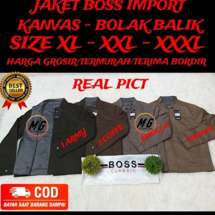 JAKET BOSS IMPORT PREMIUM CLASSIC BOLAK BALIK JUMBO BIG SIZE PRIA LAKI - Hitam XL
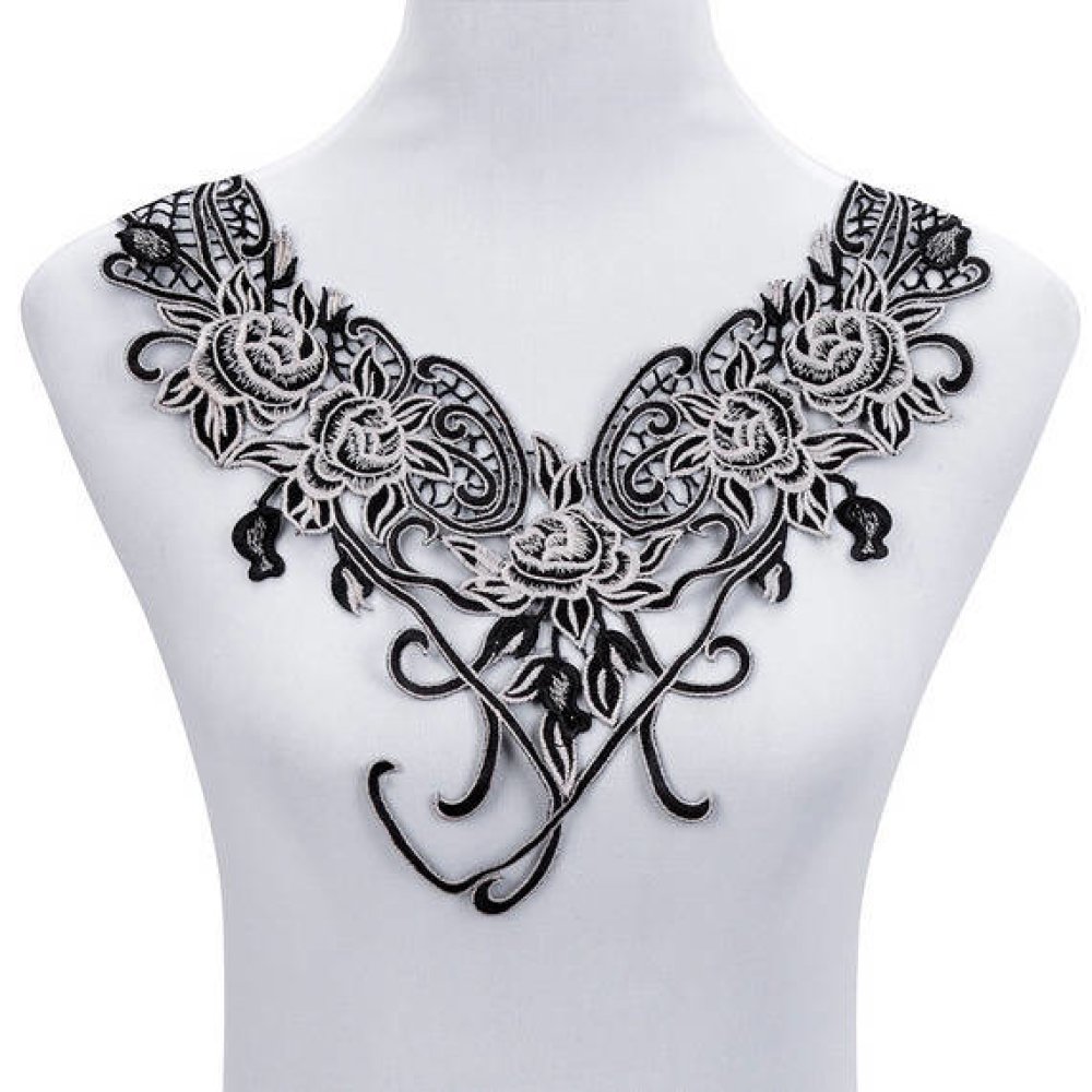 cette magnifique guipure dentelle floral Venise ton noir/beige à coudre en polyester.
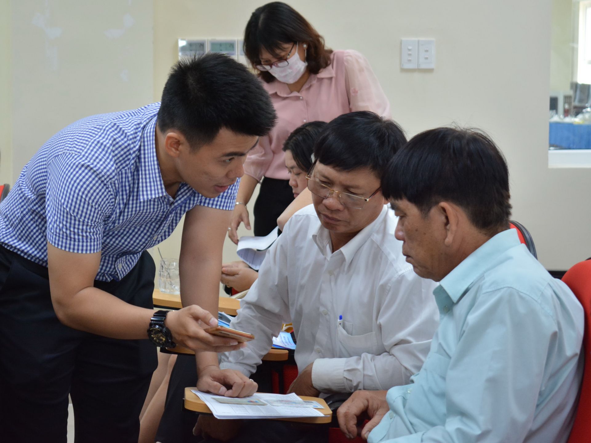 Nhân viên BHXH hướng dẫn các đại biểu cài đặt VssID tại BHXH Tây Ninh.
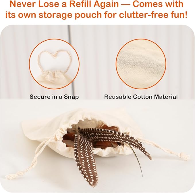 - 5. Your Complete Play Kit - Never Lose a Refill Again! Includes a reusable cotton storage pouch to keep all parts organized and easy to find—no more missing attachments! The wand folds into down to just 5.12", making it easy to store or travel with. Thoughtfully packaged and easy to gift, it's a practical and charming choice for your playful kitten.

ABOUT THIS EXERCISE: Reproduce the material exactly. Pictures stay out.

RESULT FOR THIS EXERCISE:
 JAKET BOSS IMPORT PREMIUM CLASSIC BOLAK BALIK JUMBO BIG SIZE PRIA LAKI - Hitam XL
 cette magnifique guipure dentelle floral Venise ton noir/beige à coudre en polyester.
 Nhân viên BHXH hướng dẫn các đại biểu cài đặt VssID tại BHXH Tây Ninh.
 - 5. Your Complete Play Kit - Never Lose a Refill Again! Includes a reusable cotton storage pouch to keep all parts organized and easy to find—no more missing attachments! The wand folds into down to just 5.12", making it easy to store or travel with. Thoughtfully packaged and easy to gift, it's a practical and charming choice for your playful kitten.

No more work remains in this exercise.